Assuming the worst and that the IRS will say these businesses must follow 280E since they are marijuana touching-
Impact of 280E Accounting for Marijuana Safety Compliance Facilities (Service Provider):
Marijuana safety compliance businesses may be able to include most of their costs as part of cost of services provided. This means that most testing related costs are deductible, just like most cultivation and processing costs.

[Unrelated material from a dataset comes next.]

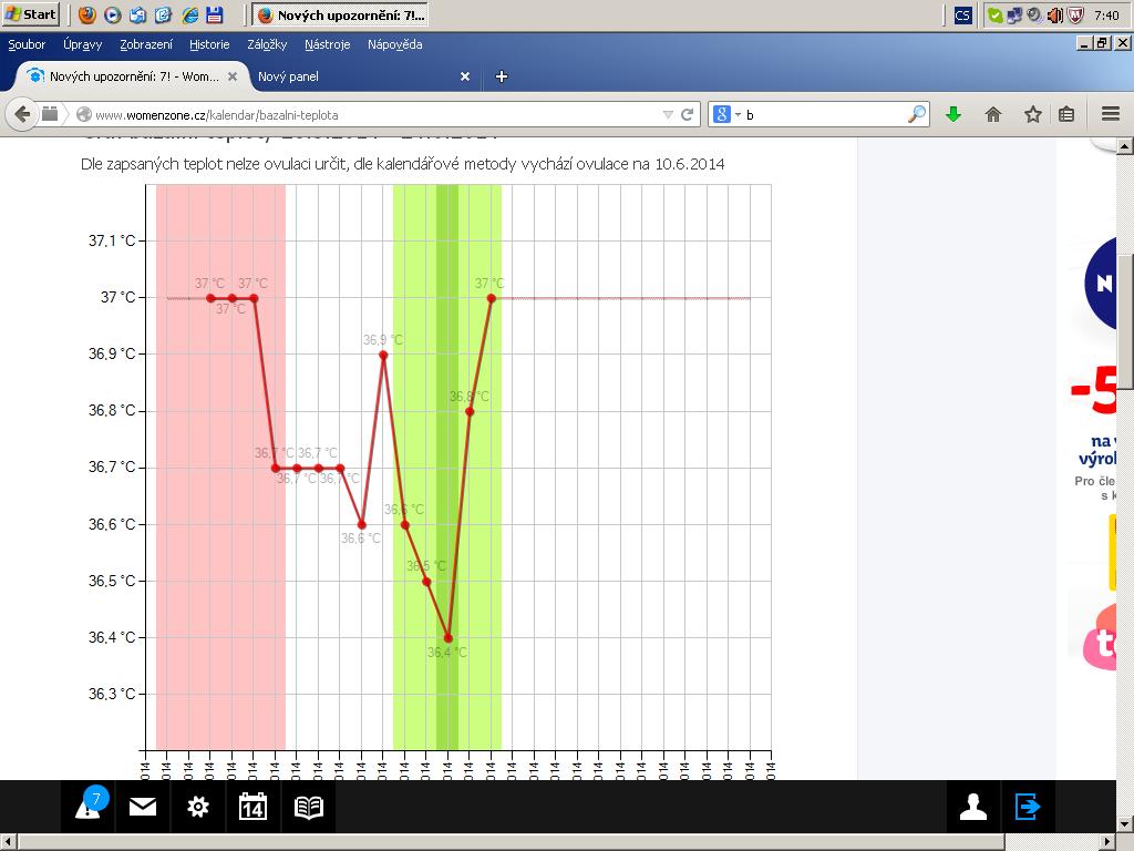 Ahoj, jen tak pro zajímavost jsem si zkoušela dělat graf bazální teploty. Ovulaci na sobě jinak docela dobře poznám a vím, že byla včera (11.6.). Jen nerozumím tomu, proč mi ten graf pořád tvrdí, že podle teplot nemůže ovulaci rozpoznat a že podle kalendáře vychází na 10.6. Podle mě je tam rozdíl teplot docela slušný,ne? Nebo jsou tam ještě jiná pravidla? Nějak tomu nerozumím... A podle toho grafu by vám přišlo, že byla toho 10.6. nebo jak si myslím já 11.6.?? Díky za rady

Negative tax consequences of 280E are significantly less for compliance facilities.
The majority of expenditures a safety compliance business are for costs necessary to provide testing services. These costs may include testing materials and inputs, product transportation, equipment depreciation, and direct labor. These costs are to provide safety compliance services. However, a safety compliance facility may not deduct “administrative” type expenses like office management or marketing expenses either with 280E applicable.
Impact of 280E Accounting for Marijuana Secure Transporters (Service Provider):
Marijuana secure transporters may be able to include most of their costs as part of cost of services performed. This means that most transportation related costs are deductible, just like most cultivation, processing and testing costs. Negative tax consequences of 280E are significantly less for transportation business models.
The majority of expenditures a secure transporter will have relate to costs necessary to providing their transportation services. These costs may include vehicle maintenance and depreciation, fuel expense, and direct labor. These costs are to provide transportation services. A secure transportation facility may not deduct “administrative” type expenses like office management or marketing expenses either with 280E applied.
There you have it! A business owner should always discuss in detail with their marijuana industry CPA or EA. There are many areas in accounting and the tax code that allow for reasonableness. One CPA may believe a cost is reasonably part of COGS, while another may think otherwise.